Importance of Belt Grips

If there is one piece of clothing we all have in common, men and women, that would be the belt (or at least some kind of reinforced material around our waist. 

We all need our pants to be in place and since we use the belts to carry stuff around (or the pants pockets), the belts must be a bit stronger than the usual clothing fabrics.

Why is that important for us?

Because in jacket grappling sports, the belt is one very important, but very underused uniform part (except in Sambo, where the Georgians make careers in belt grips).

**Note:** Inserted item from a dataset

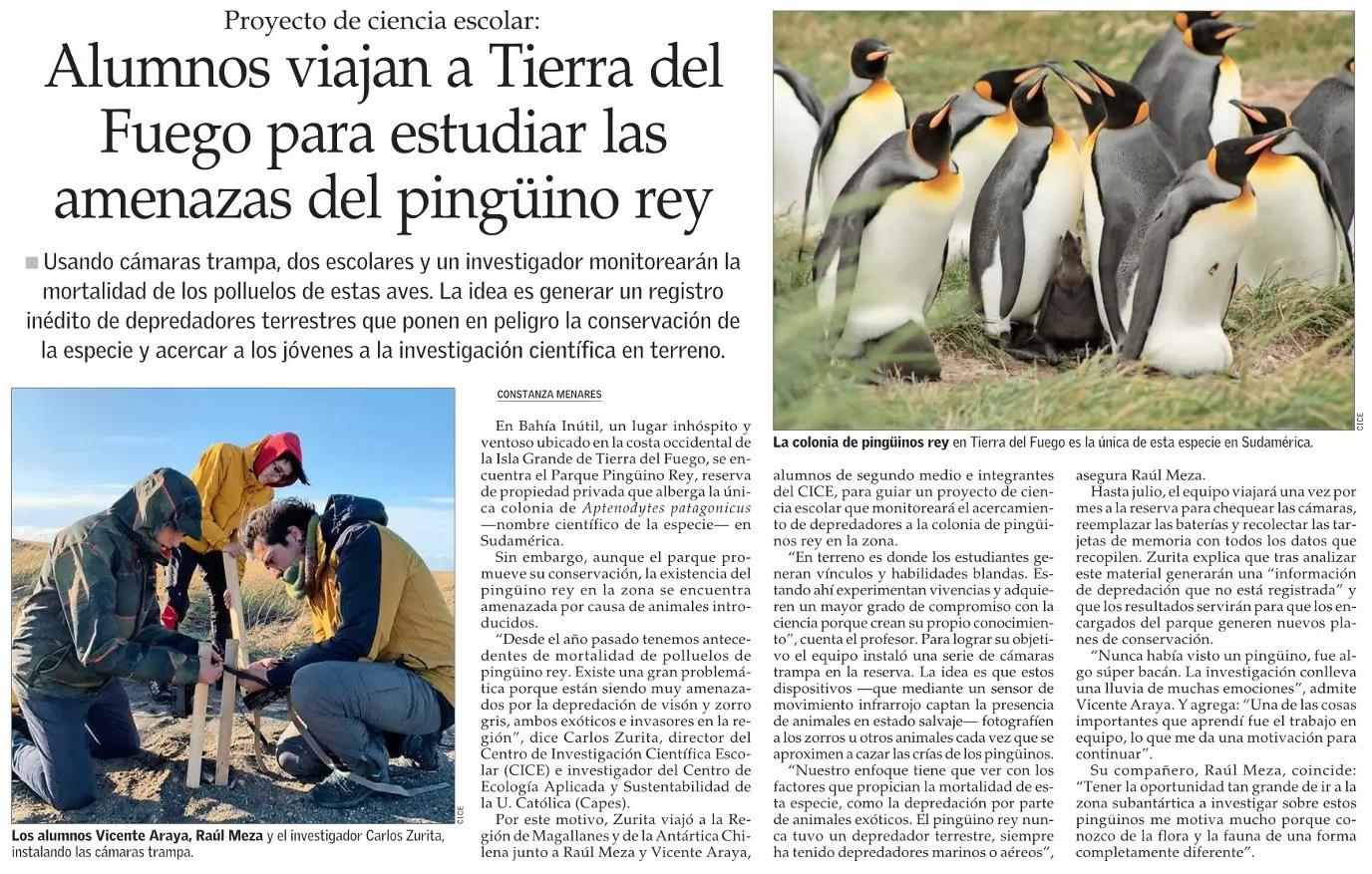 Alumnos viajan a Tierra del Fuego para estudiar las amenazas del pingüino rey 16-03-2020 El Mercurio |

Hips is where force is generated. Be it Boxing, Wrestling or BJJ, the hips are one of the most important parts of the human body, if you want to throw a punch, lift and throw someone off the ground or if you want to apply leverage and bent someone’s joint backwards with enough force, to break them.

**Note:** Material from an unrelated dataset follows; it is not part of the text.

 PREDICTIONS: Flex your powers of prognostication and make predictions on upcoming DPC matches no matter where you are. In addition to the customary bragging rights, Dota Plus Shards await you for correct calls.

In Judo, all throws are executed after attacker brings his hips or legs close to the defender.

In BJJ and all Submission Wrestling styles, the hips are used for the application of the Guard variations and to secure tight holds for submissions.

It is obvious, that if one controls his opponent’s hips, he controls the pace of the fight and dictates the outcome.

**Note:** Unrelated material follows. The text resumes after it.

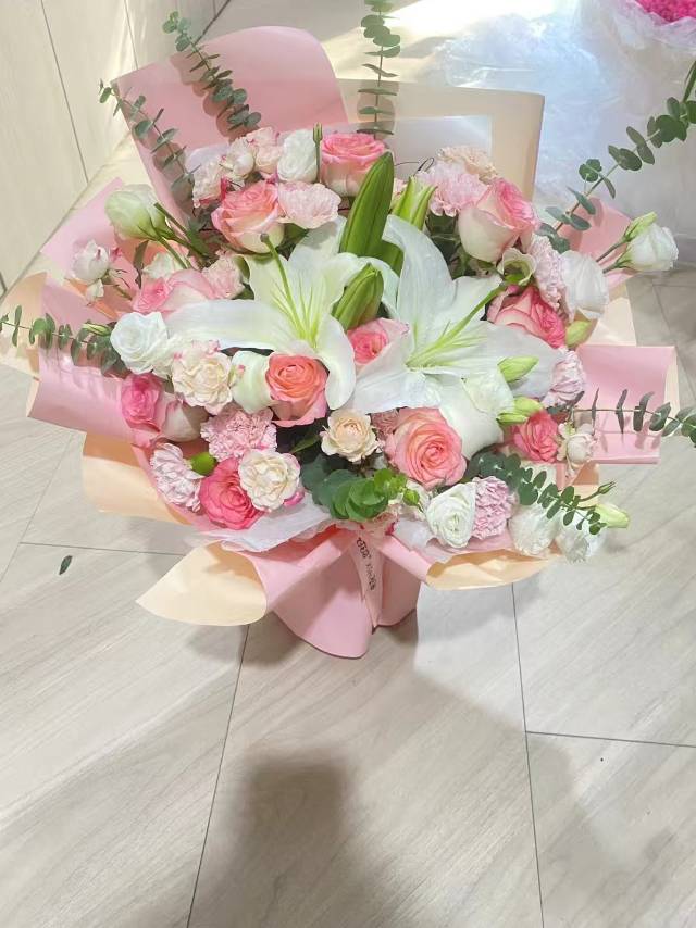 粉玫11朵。粉康11朵,还有百合。花束。如图包

Hip control and how to achieve it:

In standing, during grip fight, attacker can reach and grip the belt from the back, front and side (several variants are shown in my grip instructional UNSYMMETRICAL GRIPS). He could either keep the distance between themselves, by simple extending and locking his arm, or he could close the distance, by pulling towards his own hips or legs and execute a throw.

As a way to increase the pressure on opponent’s hips or to disable him, some players lift the belt up (forcing the other athlete on his toes) or put their weight on the belt, down (forcing the other athlete to “sit”) . 

On the ground, it is very common for the guard passers, to grip the belt of the guard player, pinning his hips to the mat and use the opportunity to waltz around his legs.

From the bottom, the belt can be used to escape positions, similar to the one I show in this video (useful in Sambo and some of the BJJ organization):

In Judo, belt grips are only allowed for the duration of 5 seconds, mostly as attacking grip. If the grip is held longer, it is recognized as a defensive method and hence, penalized.

That been said, there is a way to go around that rule, by gripping the stitching part (connecting the jacket to the Gi skirt), above the usual belt position, which is also quite strong and wide, so essentially it is the same as gripping the belt, but completely legal:

Back grip, above the belt line

Belts are tied in the middle of the human body, making it equally easy to control the upper or the lower part of the opponent’s body with our free hand. 

It is then just a matter of drilled in muscle memory, to execute combination of upper, lower body attacks, be it in standing or on the ground.